Search code examples
rggplot2plotscalegeom-point

How can I set the point size in a ggplot2 scatterplot to match the scale of the axes?


I am trying to make a scatterplot using ggplot2 in which the diameter of the points is of the same dimensions as the variables on the axes and should have the same scale. This problem is laid out well in this question as well as this one, which was resolved by drawing ellipses on the graph (nowadays done with geom_circle from ggforce. However, for my application I need to draw thousands of points, which is quick using geom_point but very slow using geom_circle. Is there a way to scale geom_point to the scale of the axes?

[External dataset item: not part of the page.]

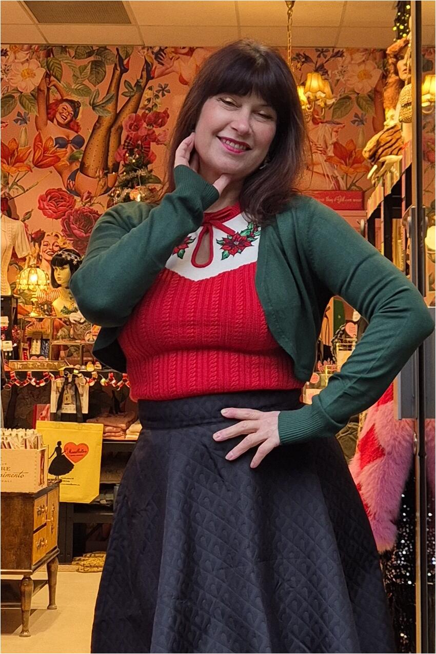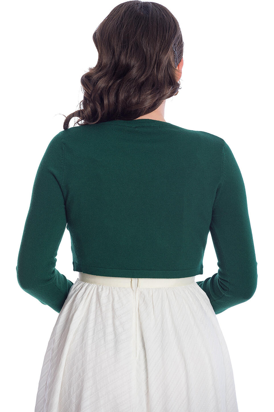 Flaskegrønn strikket bolero med lage ermer. Perfekt når du trenger å dekke ermene, også varmer den litt ekstra om du trenger. Åpen modell, så her kan antrekket du har på skinne.
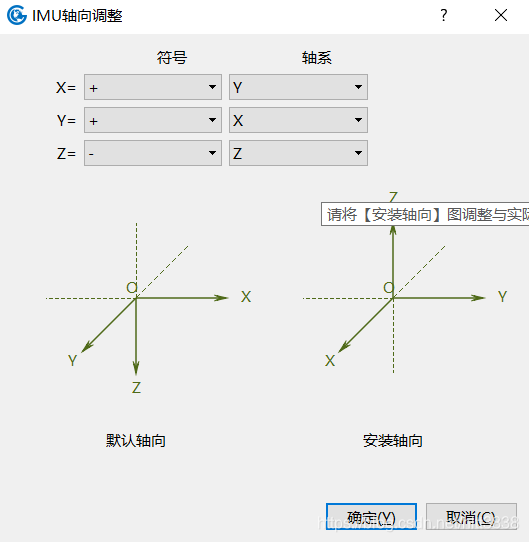 选项, 对应的 XYZ 设置如下,因为 iIMU-FSAS 的坐标是

As an example of the problem, this graph shows the discrepancy in scales using scale_radius:

x <- runif(20, 0, 20)
y <- runif(20, 0, 20)
radius <- runif(20, 0, 4)
df <- data.frame(x = x, y = y, size = radius)

library(ggplot2)

p <- ggplot(
    data = df,
    mapping = aes(
      x = x,
      y = y,
      size = radius
    )
  ) + 
  geom_point() + 
  coord_fixed() + xlim(0, 20) + ylim(0, 20) + 
  scale_radius(range = c(min(radius), max(radius)))

p

enter image description here

I have tried using scale_radius and scale_continuous, but both use a scale that is arbitrary with relation to the axis scales (scale_radius also does not scale such that a point of size 0 displays with size 0). I had the idea of accessing the plot size using ggplot_build and scaling the point sizes accordingly. I can access the plot range using ggplot_buil(p)$layout$get_scales(i=1) or layer_scales(p), but no variables appear to correspond to the size of the plot in the units that scale_radius uses.


Solution

  • Using 2000 circles and max radius of 1 (ie max diameter 2), I get a ~5-7x speedup using a lower poly resolution per circle. You might also look at your output device and try ragg, which is faster than cairo still offers nice anti-aliasing.

    ggplot(df, aes(x0 = x, y0 = y, r = radius)) +
      ggforce::geom_circle(n = 20) + #5-7x faster than default
      coord_fixed()
    

    Still looks pretty good, with 1.5 sec render time on my system.

    enter image description here

    (You might also consider defining your plot window range using coord_fixed(xlim = c(0,20), ylim = c(0,20)) since that will have the effect of zooming in on that viewing window instead of cropping out all data points out outside it, as your xlim() and ylim() (shortcuts for scale_x_continuous(limits = ...) and scale_y_continuous(limits = ...). It's not an issue for geom_point but for geom_circle your approach will result in cut-off circles.)